Who good manufacturing practices for sterile pharmaceutical products who trs 961, annex 6 free pdf download. Appendix 2 consent of who prequalification holder for who to. Bibliography appendix 1 types of sampling tools appendix 2 sample collection form appendix 3 steps to be considered for inclusion in a standard operating procedure. Who guidelines including gmp guidelines for process validation, cleaning validation, analytical method validation, hvac validation, water system validation and stability. Information required for the safety assessment of enzyme preparation 61. Appendix 2 donor selection appendix 3 donor immunization and plasmapheresis for speci. Annexes 1 3 of that appendix specify the central and subcentral government entities as well as other entities, such as public utilities, that each party has committed to complying with the agreement.

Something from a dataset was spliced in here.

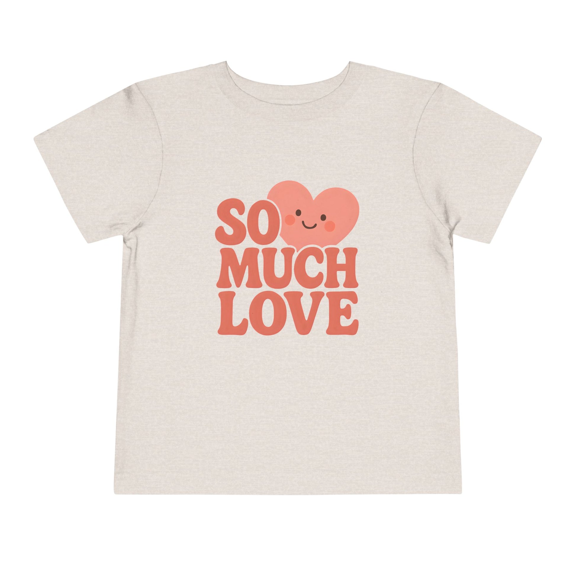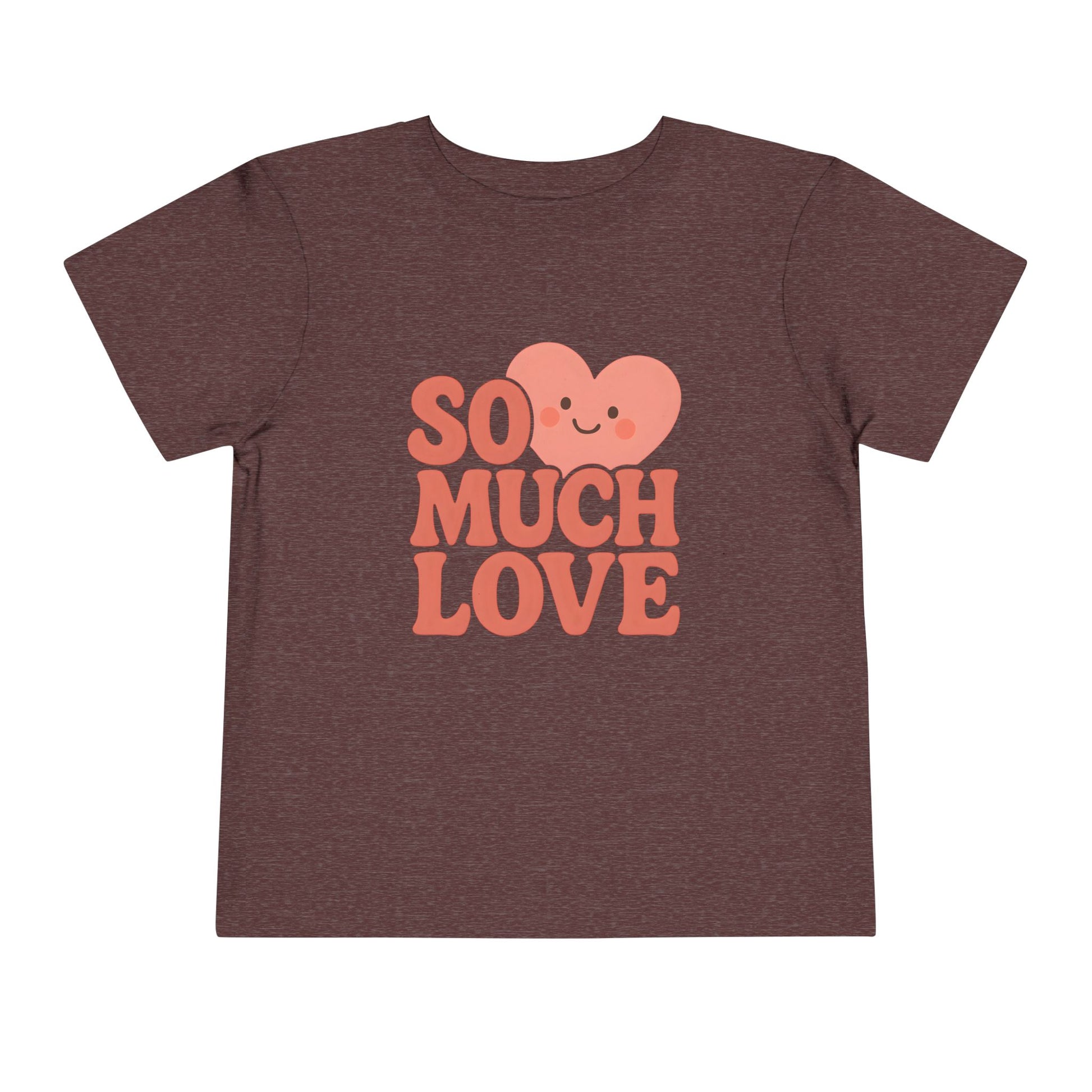 A smiling heart crowns the words So Much Love in warm, rounded lettering. This is a lightweight toddler t-shirt designed for everyday wear. It keeps the message simple and sweet.

Each partys appendix i annexes also specify the minimum threshold values above which a procurement is. Supplementary training modules on good manufacturing. Annex 3 good practices for national pharmaceutical control laboratories general considerations 28 glossary 29 part one. Appendix 4 examples of types of containers used to store samples of starting materials and bulk products appendix 5 examples of use of sampling plans n, p and r. This presentation is compiled by drug regulations a non profit organization which provides free online resource to the pharmaceutical professional.
This guideline replaces the previous stability guideline in trs 953 annex 2 2009, which is referred to in the pq quality technical guidelines trs 970 annex 4. Comparison of eu gmp guidelines with who guidelines. Annex 5 basic elements of good manufacturing practices in. Definitions for safe food enzyme production strain and presumed safe 59. Ufc 358001 the whole building design guide pages 1 45. Pharmaceutical development who guidelines trs 929 annex 5. Guidelines on import procedures for medical products. Geneva, world health organization, 2005 who technical report series, no. Annex 3 who good manufacturing practices for biological products replacement1 of annex 1 of who technical report series, no. Cleaning validation as published in trs and trs 937, annex 4, 2006 and as crossreference to trs 970, annex 2, 2012 5 appendix 4. Although this collection contains information of a legal nature, it has been developed for informational purposes only and does not constitute legal advice or opinions as to the current operative laws, regulations, or guidelines of any jurisdiction. We observed a longterm reduction in risk of symptomatic dengue virus disease in vaccinees.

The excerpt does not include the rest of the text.